> _Dataset section_
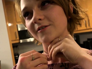 Small titted brunette teen fingering on the bed
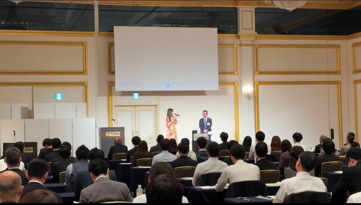 完成したオリジナルソングは100名を超える社員が出席した株式会社トーコーの事業発表会にて初披露されました。その存在を事前に知っていたのは社内でもごく一部に限られており、多くの参加者にとっては完全なサプライズ。そんな中、ボーカリストの希来ひまりさんがステージに登場し、生歌によるパフォーマンスを開始すると、会場はたちまち驚きと期待に包まれました。突然の展開に最初は戸惑う様子も見られましたが、歌が進むにつれて次第に引き込まれていき、曲の終わりには自然と大きな拍手が巻き起こりました。
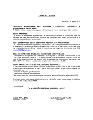 El comunicado informa sobre: 1) la revisión de los padrones electorales por parte de la Comisión Nacional y las correcciones que se solicitarán; 2) la necesidad de que las Comisiones Electorales Regionales y Provinciales se constituyan pronto para organizar las elecciones a nivel regional y provincial; 3) las fechas de inscripción de candidatos para los niveles regional y provincial, del 22 de agosto al 5 de septiembre.
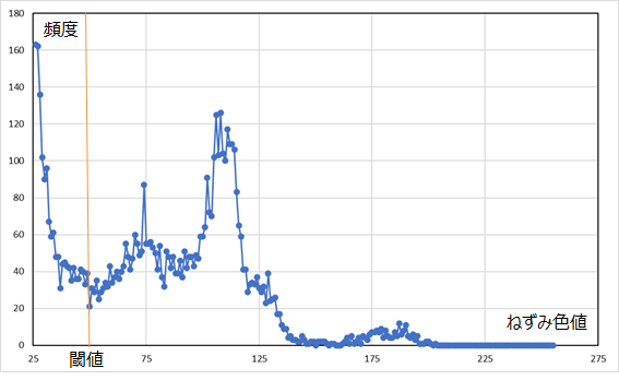 閾値を決めるために、横軸を26~255として残り2%の分布をみてみると次の図のようになり、50~150のねずみ色値の間にもう一山あります。これが、差分を表現しているねずみ色群とみなせます。

> _Description of the task_
Exact copy, no pictures: please print the data above once more.

> _Solution for this exercise_
 Small titted brunette teen fingering on the bed
 完成したオリジナルソングは100名を超える社員が出席した株式会社トーコーの事業発表会にて初披露されました。その存在を事前に知っていたのは社内でもごく一部に限られており、多くの参加者にとっては完全なサプライズ。そんな中、ボーカリストの希来ひまりさんがステージに登場し、生歌によるパフォーマンスを開始すると、会場はたちまち驚きと期待に包まれました。突然の展開に最初は戸惑う様子も見られましたが、歌が進むにつれて次第に引き込まれていき、曲の終わりには自然と大きな拍手が巻き起こりました。
 El comunicado informa sobre: 1) la revisión de los padrones electorales por parte de la Comisión Nacional y las correcciones que se solicitarán; 2) la necesidad de que las Comisiones Electorales Regionales y Provinciales se constituyan pronto para organizar las elecciones a nivel regional y provincial; 3) las fechas de inscripción de candidatos para los niveles regional y provincial, del 22 de agosto al 5 de septiembre.
 閾値を決めるために、横軸を26~255として残り2%の分布をみてみると次の図のようになり、50~150のねずみ色値の間にもう一山あります。これが、差分を表現しているねずみ色群とみなせます。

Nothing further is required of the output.